The electronic version of this article is the complete one and can be found online at: http://www.biomedcentral.com/1753-6561/4/S2/P57


Published:24 September 2010

© 2010 Sousa et al; licensee BioMed Central Ltd.

Poster presentation

Lung adenocarcinoma represents about 42% and 28% of NSCLC in women and men. Adenocarcinomas incidence is still rising being the most frequent type of NSCLC diagnosed in USA. Both EGFR and KRAS gene mutations can contribute to the development of NSCLC, namely adenocarcinomas. EGFR and KRAS mutations are considered by some authors as mutually exclusive explained by the fact that KRAS-MAPK pathway is one of the downstream signalling pathways of EGFR. Lung cancers with KRAS mutations are resistant to EGFR tyrosine kinase inhibitors.

Sections of the adenocarcinoma of the lung, formalin-fixed paraffin-embedded tissues (FFPE), were selected to analyze mutations in EGFR exons 19 and 21 and KRAS - codons 12 and 13 by DNA extraction for polymerase chain reaction (PCR).
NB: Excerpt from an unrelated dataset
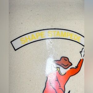 Vintage Gerz West Germany Ceramic stein featuring a colorful rodeo rider graphic Shape Stampede May 22-23 1982 Cream background with red, yellow and brown details. Bold artwork is eye-catching. Commemorative item Great collectible display piece.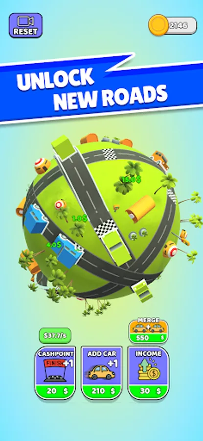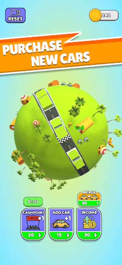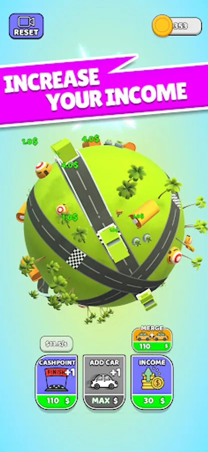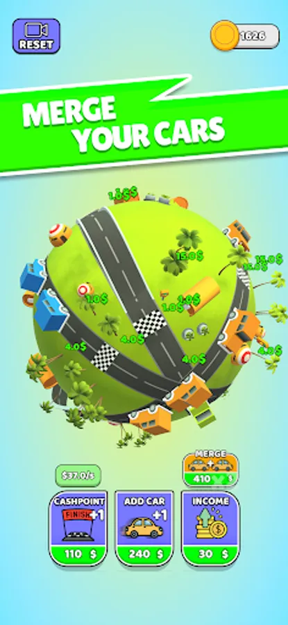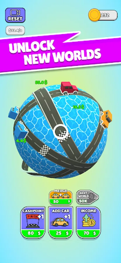 Buy new cars, merge them, add finishline increase your income and earn more and more to unlock new worlds!

Exon 19 was studied by fragment analysis and exon 21, codons 12 and 13 were studied by direct sequencing. The analysis of FISH results was done by Cappuzzo’s score to EGFR gene. Determination of EGFR protein expression was done by immunohistochemistry (IHC) (Zymed Laboratories).

The authors present a rare case with synchronous EGFR and KRAS mutations. The patient is a 77 years old, male with a central 3cm mixed adenocarcinoma. The tumor showed EGFR protein overexpression identified by IHC and chromosome 7 high polyssomy by FISH.

The authors call attention to the fact that although EGFR and KRAS mutations are almost always mutually exclusive in some cases they may coexist in the same neoplasia.